Turning to the US, KSBW reports that Iraq War veteran Tremayne Wilson created some form of disturbance today in Sacremento and was in "a standoff with police." If he's a struggling veteran (he may or may not be -- he might have just had a bad day), it's one more indication that the VA leadership needs to get serious about helping veterans.

I did not mean to shout, just drive
Just get us out, dead or alive
The road's too long to mention
Lord, it's something to see
Laid down by the Good Intentions Paving Company
All the way to think we've been playing at, darling
I can see that you're wearing your staying-hat, darling
For the time being, all is well
Won't you love me a spell?
This is blindness, beyond all conceiving
While behind us, the road is leaving
And leaving, and falling back
Like a rope gone slack
-- "Good Intentions Paving Co." written by Joanna Newsom, from her album Have One On Me (which Kat reviewed here)

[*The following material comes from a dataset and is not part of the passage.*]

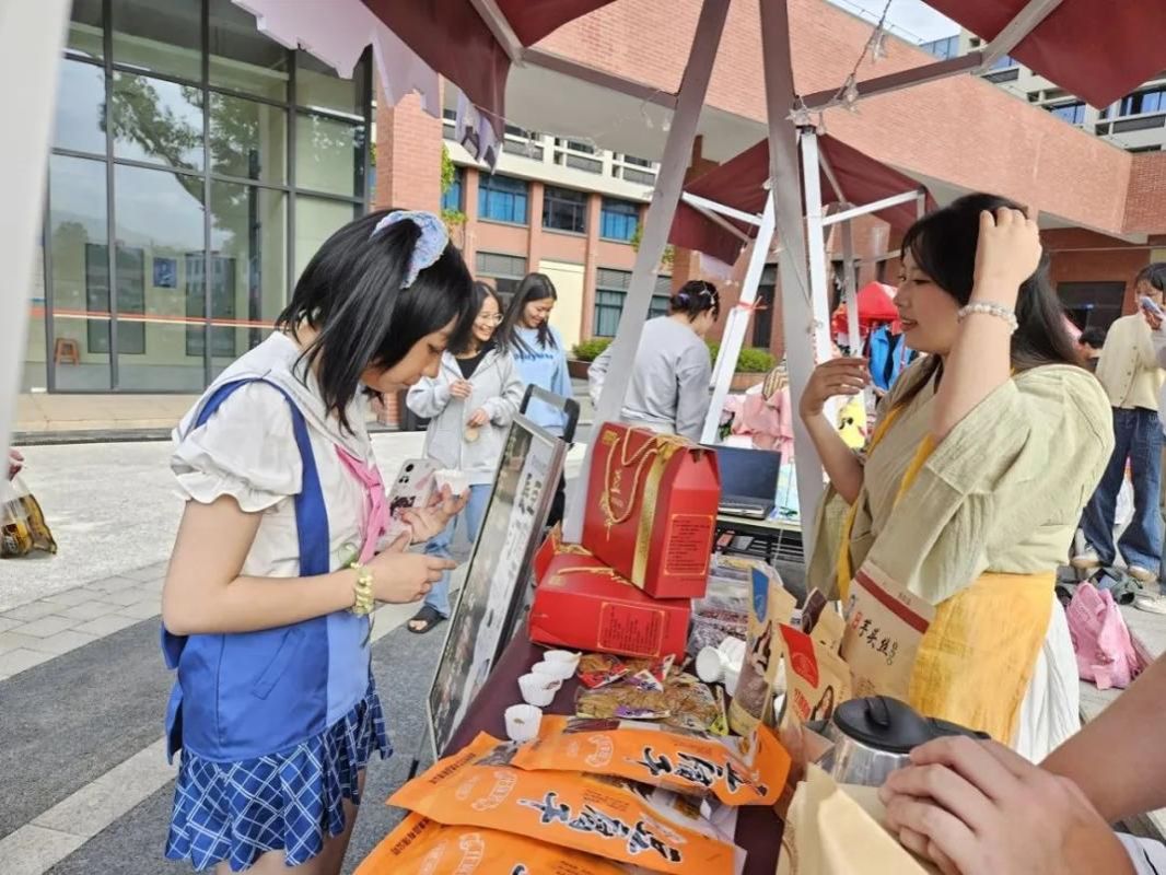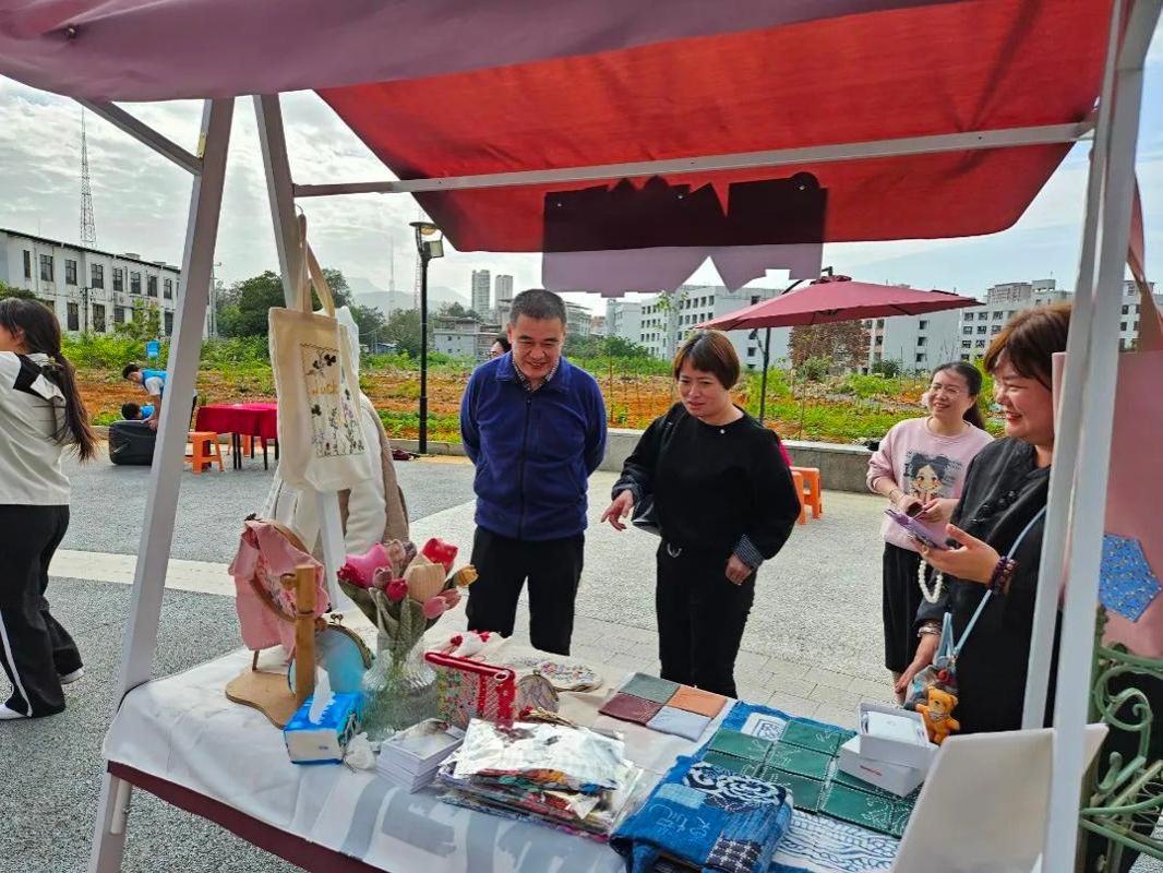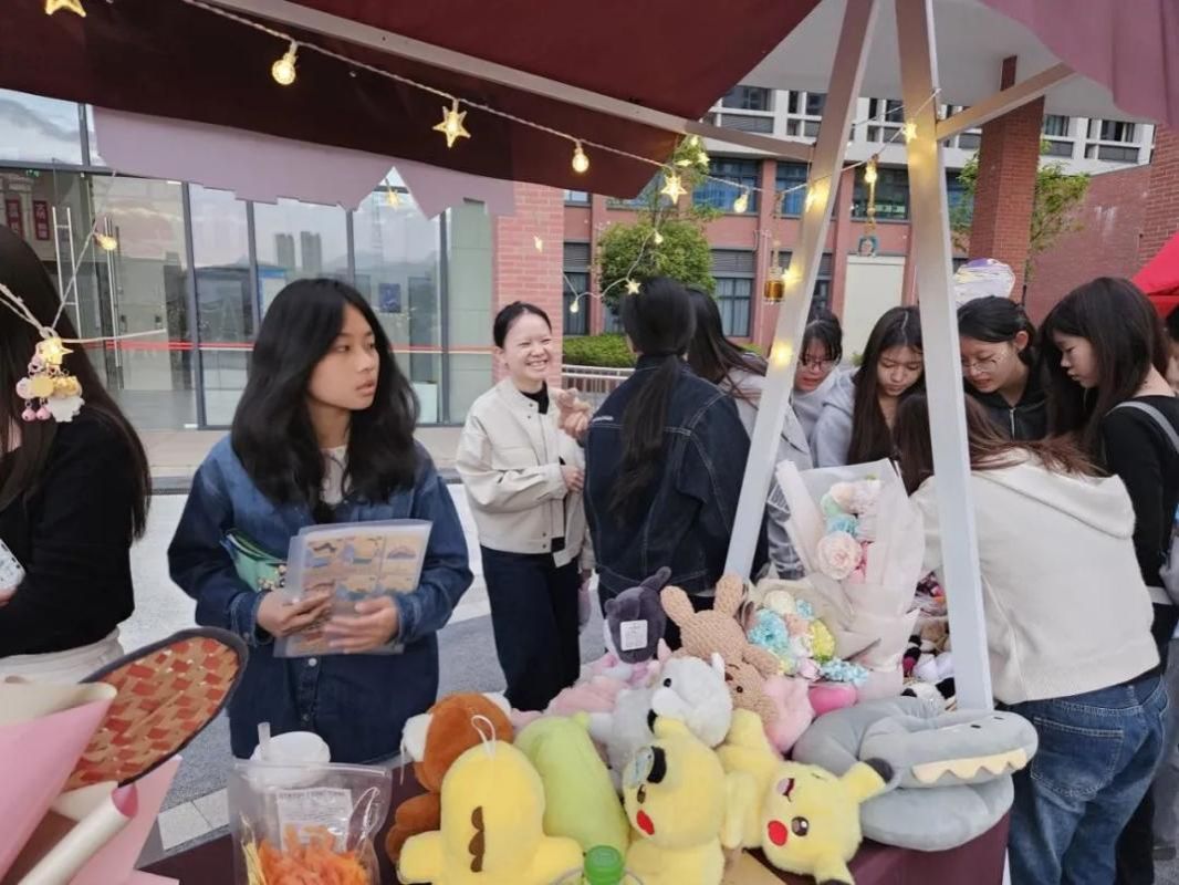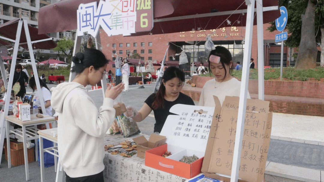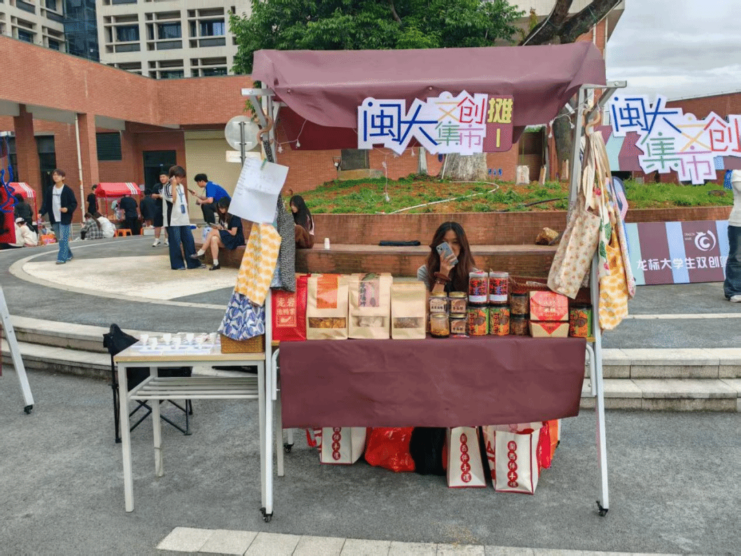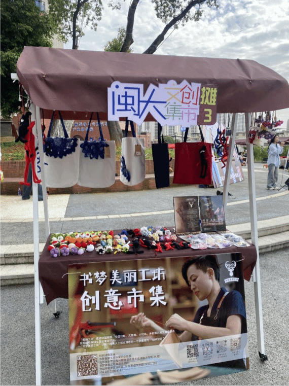 无论是校内的“来财小铺”钩织玩偶、“指尖艺趣”创意手工花,还是校外“岩城叙在地风物馆”的闽西文创礼品、“晓苗拼布工作室”的拼布刺绣,每一个摊位都充满了惊喜!非遗香文化、创意咖啡、皮艺布艺……你想要的创意好物这里全都有!

Blindness beyond all conceiving describes support for returning to a draft in the US. US House Rep Charlie Rangel has proposed reinstating the draft several times since the start of the Iraq War, most recently he began proposing it last month. In a July 15th press release, Rangel explained his position, "What troubles me most about the wars in Iraq and Afghanistan is the total indifference to the suffering and loss of life among our brave young soldiers on the battlefield. The reason is that so few families have a stake in the war which is being fought by other people's children. The test for Congress, particularly for those members who support the war, is to require all who enjoy the benefits of our democracy to contribute to the defense of the country. All of America's children should share the risk of being placed in harm's way. In other words, if you support the war, you should support a compulsary military draft."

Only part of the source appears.